Am J Geriatr Cardiol ; 4(4): 16-36, 1995 Jul.
Artículo en Inglés | MEDLINE | ID: mdl-11416341

RESUMEN

Of all the risk factors to cardiovascular disease (CVD), age is the most powerful: CVD incidence and prevalence rise progressively at all ages beyond young adulthood. This reflects the central role of time, and hence duration, in the atherogenic process. It also reflects age-related changes in physiology - notably alterations in body mass and composition favoring increased adiposity and in sex hormone secretion (combining adverse effects of androgens on lipoprotein lipid levels in males, lowering HDL, and of the decline in estrogens in postmenopausal females, raising LDL). The interactions among the passage of time, these physiological changes and perhaps aging per se, and pathological forces such as cigarette smoking, hypertension, and genetically determined dyslipoproteinemia conspire to accelerate the rate of atherogenesis. Thus clinical atherosclerosis and its complications rise exponentially with increasing age in the population at large.

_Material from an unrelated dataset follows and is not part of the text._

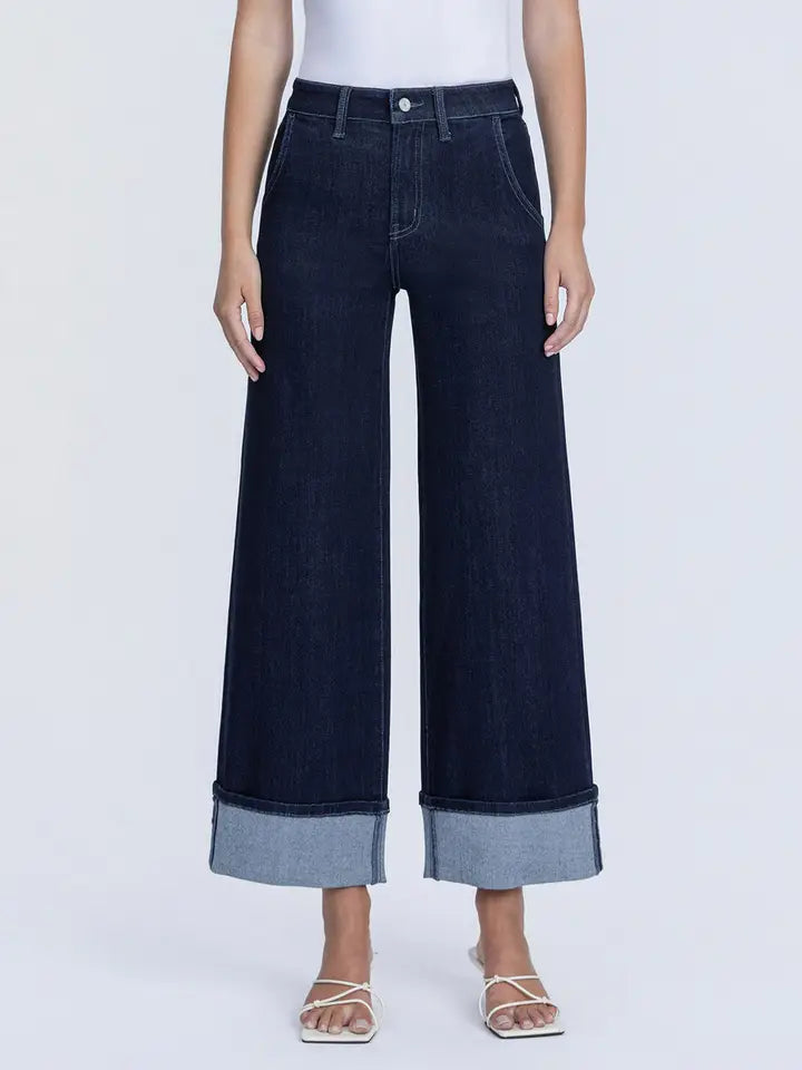 Olivia Cuffed Wide Leg Ankle Jean (Vervet)

However, the relationship between dyslipoproteinemia and CVD risk in the individual patient actually declines with advancing age. This apparent paradox reflects confounding introduced by the advent of disease processes that cause wasting and inflammation such as cancer, infection, diabetes, trauma, and even CVD that actually lower lipid levels, frequently to the level of hypocholesterolemia. Thus, while with age the population-attributable risk of hypercholesterolemia (and/or low HDL) rises, the cholesterol-attributable risk in the individual falls. As a result the prescription of lipid-lowering therapy in elderly patients requires exquisite individualization: patients most likely to benefit are those with existing CVD (i.e., in secondary prevention) who nevertheless enjoy robust health and are highly motivated to comply with demanding regimens of diet and exercise plus drugs where needed to reach target LDL levels (less than 100 mg/dl). At the other extreme are those least likely to benefit: patients who are frail and failing from CVD or other wasting diseases of old age that present a more immediate threat to survival.